High yield clinical points15 pearls in 5 groups

Recognition & pattern analysis

3 points
1
Dermoscopy cannot separate AFX from PDS or from amelanotic melanoma. Red structureless areas, polymorphic vessels, ulceration, and shiny white areas are shared. Histology of the entire specimen is the only reliable separator.
2
AFX and PDS are diagnoses of exclusion. Mandatory IHC panel includes MART-1 or SOX10, S100, AE1/AE3 plus p63 or p40, and at least one smooth muscle marker (desmin or SMA) and CD34. Skipping any of these risks calling a sarcomatoid SCC or spindle cell melanoma an AFX.
3
UV-signature TP53 unifies AFX and PDS. Sequencing studies show C to T transitions at dipyrimidines in nearly all AFX and PDS, mirroring the UV signature seen in cutaneous SCC and supporting their shared photodamage etiology.

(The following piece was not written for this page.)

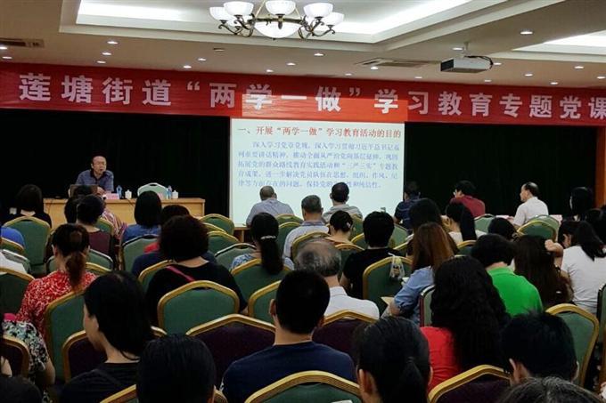 为全面推进“两学一做”学习教育,深入学习党章党规,深入学习贯彻习近平总书记系列重要讲话精神,2016年7月8日上午莲塘社区组织辖区在职党员参加莲塘街道组织开展的“两学一做”学习教育专题党课活动。讲座就“两学一做”学习教育的内涵和要求作了深刻阐述,要求全体党员进一步领会“两学一做”学习教育的精神实质和内涵,要认真学习党章、自觉遵守党章、切实贯彻党章、坚决维护党章,切实做好自己的本职工作,做一名合格党员。引导广大党员以“两学一做”学习教育为契机,不断提高自身思想素质,增强宗旨意识和群众观念,将“两学一做”学习教育落到实处。
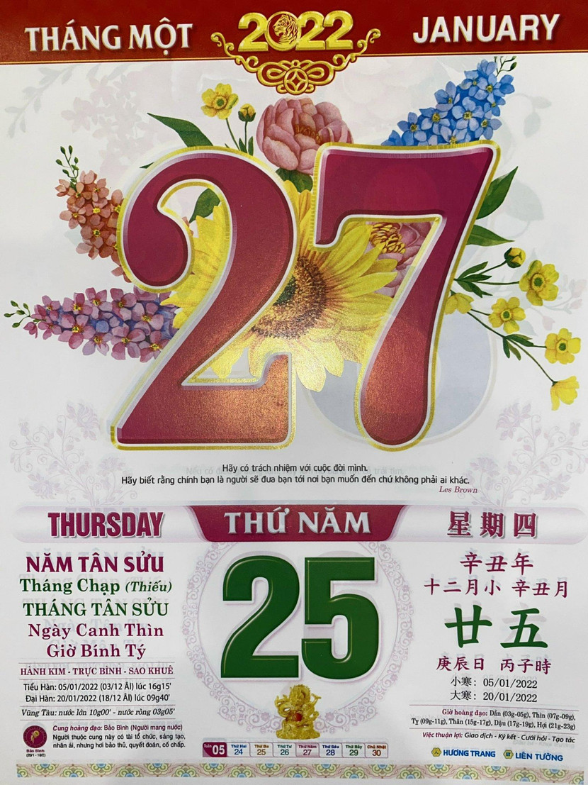 Thứ 5 ngày 27 tháng 1 năm 2022

Diagnostic criteria & thresholds

1 point
1%
Subcutaneous invasion upgrades AFX to PDS. By current consensus criteria, any of subcutaneous extension, LVI, PNI, or tumor necrosis converts an AFX diagnosis to PDS, with metastatic risk rising from under 1% to roughly 10 to 20%.

Pitfalls & mimics

5 points
1
Shave biopsy may miss the diagnosis. Deep punch or excisional biopsy is preferred so the dermal-subcutaneous interface is sampled. A superficial shave can show only the dermal AFX-like component and miss the subcutaneous PDS component.
2
Stage PDS, do not stage AFX. PDS warrants cross-sectional imaging (CT or MRI of the tumor bed and chest) given metastatic potential. AFX in a typical scalp location with clean margins does not require imaging.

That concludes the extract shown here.